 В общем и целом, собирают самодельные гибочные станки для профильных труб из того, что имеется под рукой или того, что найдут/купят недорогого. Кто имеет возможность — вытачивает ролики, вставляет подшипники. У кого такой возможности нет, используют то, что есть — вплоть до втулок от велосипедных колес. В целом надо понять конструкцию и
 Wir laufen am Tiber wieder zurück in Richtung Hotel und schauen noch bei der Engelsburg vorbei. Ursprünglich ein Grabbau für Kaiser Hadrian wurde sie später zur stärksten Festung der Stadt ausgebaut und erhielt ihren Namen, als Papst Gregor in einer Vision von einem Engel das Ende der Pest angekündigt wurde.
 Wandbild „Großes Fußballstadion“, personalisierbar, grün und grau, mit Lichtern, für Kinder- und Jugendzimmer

* * *

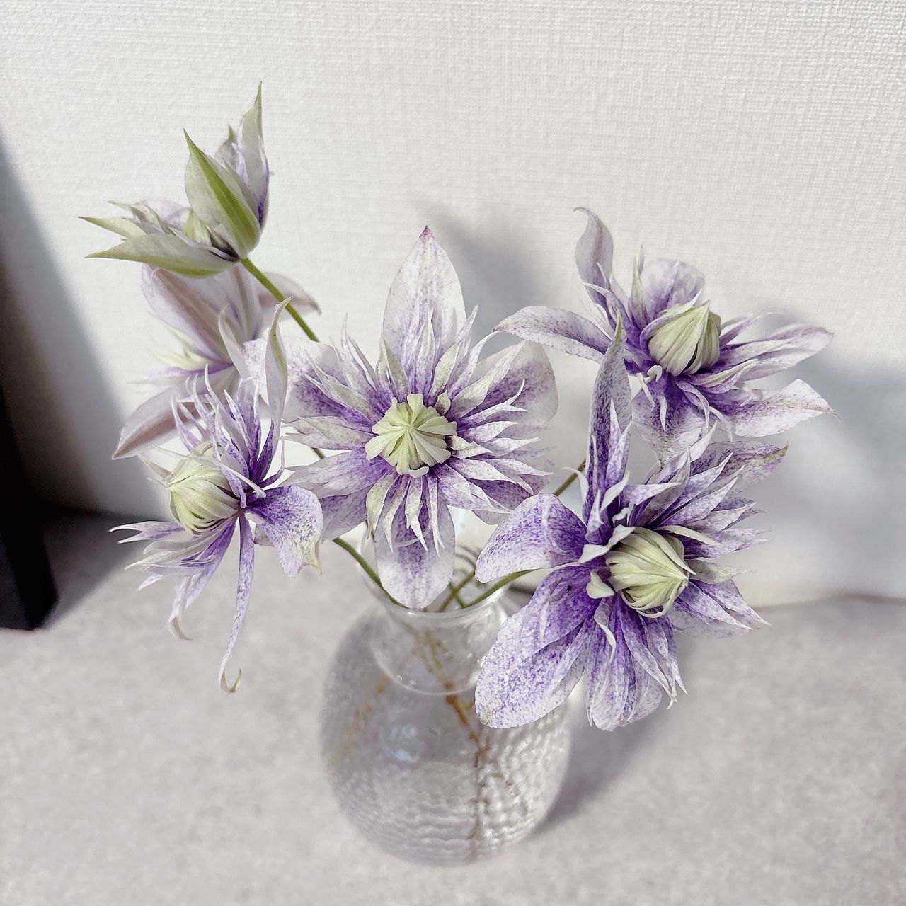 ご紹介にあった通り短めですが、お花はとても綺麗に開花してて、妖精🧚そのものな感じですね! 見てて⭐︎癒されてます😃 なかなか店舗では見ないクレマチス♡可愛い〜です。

* * *

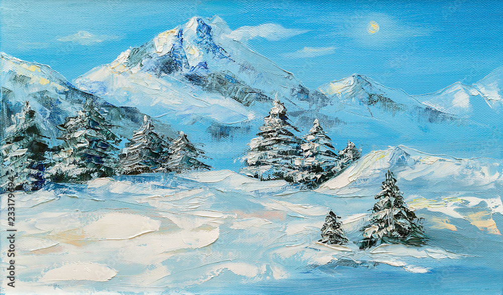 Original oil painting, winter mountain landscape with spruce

*YOUR OBJECTIVE*: Take the line above containing "В общем и целом, собирают", the line containing "Kinder- und Jugendzimmer", and all lines in between, and copy them exactly without anything else.

*SOLUTION FOR THIS EXERCISE*:
 В общем и целом, собирают самодельные гибочные станки для профильных труб из того, что имеется под рукой или того, что найдут/купят недорогого. Кто имеет возможность — вытачивает ролики, вставляет подшипники. У кого такой возможности нет, используют то, что есть — вплоть до втулок от велосипедных колес. В целом надо понять конструкцию и
 Wir laufen am Tiber wieder zurück in Richtung Hotel und schauen noch bei der Engelsburg vorbei. Ursprünglich ein Grabbau für Kaiser Hadrian wurde sie später zur stärksten Festung der Stadt ausgebaut und erhielt ihren Namen, als Papst Gregor in einer Vision von einem Engel das Ende der Pest angekündigt wurde.
 Wandbild „Großes Fußballstadion“, personalisierbar, grün und grau, mit Lichtern, für Kinder- und Jugendzimmer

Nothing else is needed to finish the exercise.